REQUIRED ACTION>
For the listing below, print exactly the lines from the line with "シュロガヤツリ 蕾状の花序(4月下旬)" to the line with "The app also", both included, and nothing beyond them.

RECORDS>
=-=-=
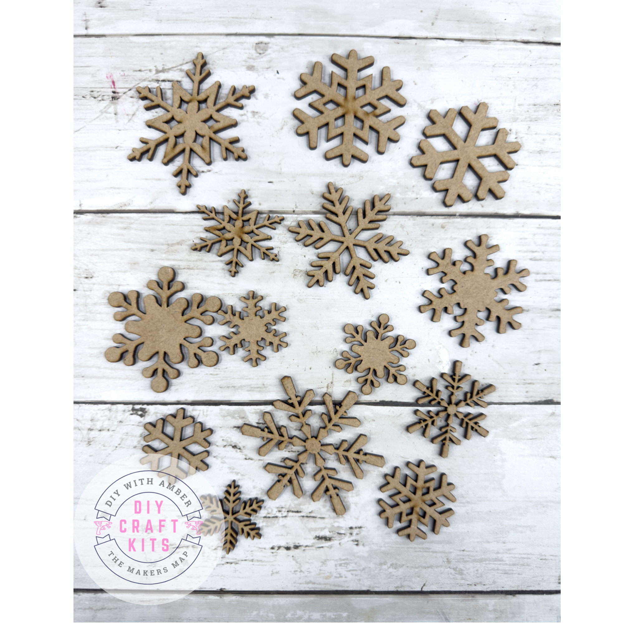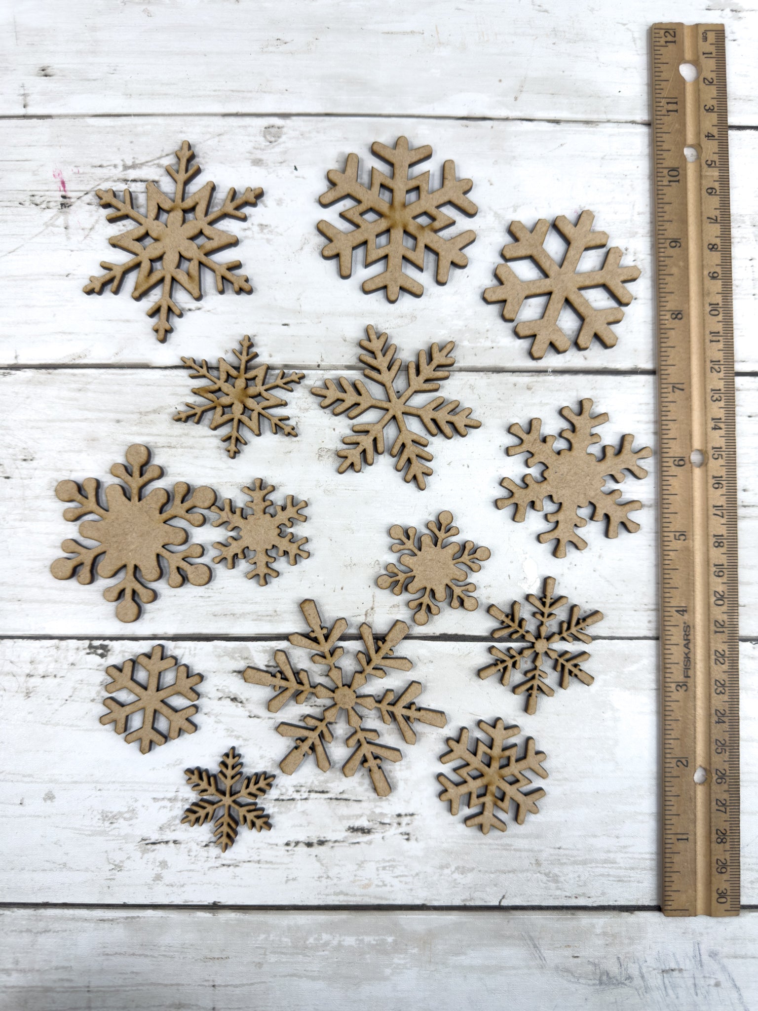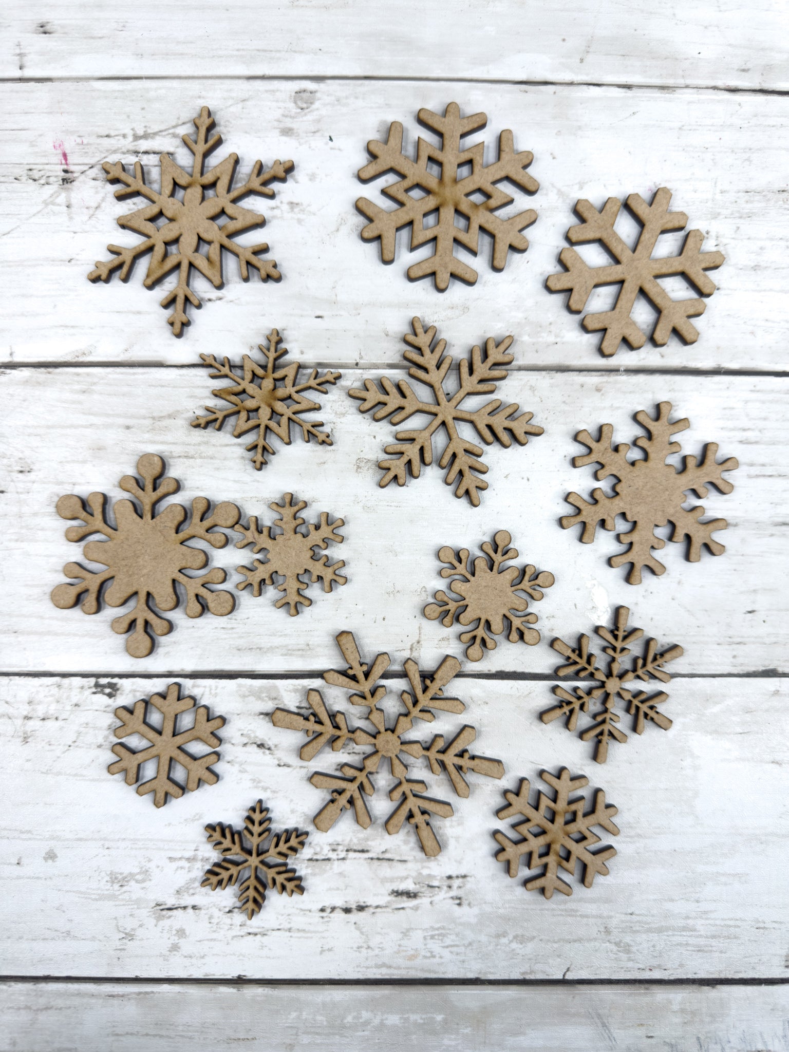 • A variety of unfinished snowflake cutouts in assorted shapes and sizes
=-=-=
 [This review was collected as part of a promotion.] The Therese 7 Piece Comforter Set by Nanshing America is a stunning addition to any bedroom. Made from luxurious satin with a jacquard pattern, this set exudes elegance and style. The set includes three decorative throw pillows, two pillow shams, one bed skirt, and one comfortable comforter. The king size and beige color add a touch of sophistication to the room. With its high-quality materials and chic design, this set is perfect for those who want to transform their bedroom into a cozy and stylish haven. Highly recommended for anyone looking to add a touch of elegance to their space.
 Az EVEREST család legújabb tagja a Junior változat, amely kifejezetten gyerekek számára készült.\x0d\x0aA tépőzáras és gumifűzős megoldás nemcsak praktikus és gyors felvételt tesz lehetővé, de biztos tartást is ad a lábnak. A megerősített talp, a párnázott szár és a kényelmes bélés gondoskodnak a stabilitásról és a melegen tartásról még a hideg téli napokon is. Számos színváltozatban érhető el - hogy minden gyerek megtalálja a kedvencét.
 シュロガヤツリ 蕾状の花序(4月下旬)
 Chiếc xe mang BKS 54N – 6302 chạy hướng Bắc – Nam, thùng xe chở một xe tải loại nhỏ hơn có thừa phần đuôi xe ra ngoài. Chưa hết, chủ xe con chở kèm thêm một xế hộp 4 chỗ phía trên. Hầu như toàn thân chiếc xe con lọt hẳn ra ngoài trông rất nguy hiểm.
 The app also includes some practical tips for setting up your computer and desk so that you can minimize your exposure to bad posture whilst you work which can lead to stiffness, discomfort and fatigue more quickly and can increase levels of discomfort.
=-=-=
SOLUTION TO THE EXERCISE>
 シュロガヤツリ 蕾状の花序(4月下旬)
 Chiếc xe mang BKS 54N – 6302 chạy hướng Bắc – Nam, thùng xe chở một xe tải loại nhỏ hơn có thừa phần đuôi xe ra ngoài. Chưa hết, chủ xe con chở kèm thêm một xế hộp 4 chỗ phía trên. Hầu như toàn thân chiếc xe con lọt hẳn ra ngoài trông rất nguy hiểm.
 The app also includes some practical tips for setting up your computer and desk so that you can minimize your exposure to bad posture whilst you work which can lead to stiffness, discomfort and fatigue more quickly and can increase levels of discomfort.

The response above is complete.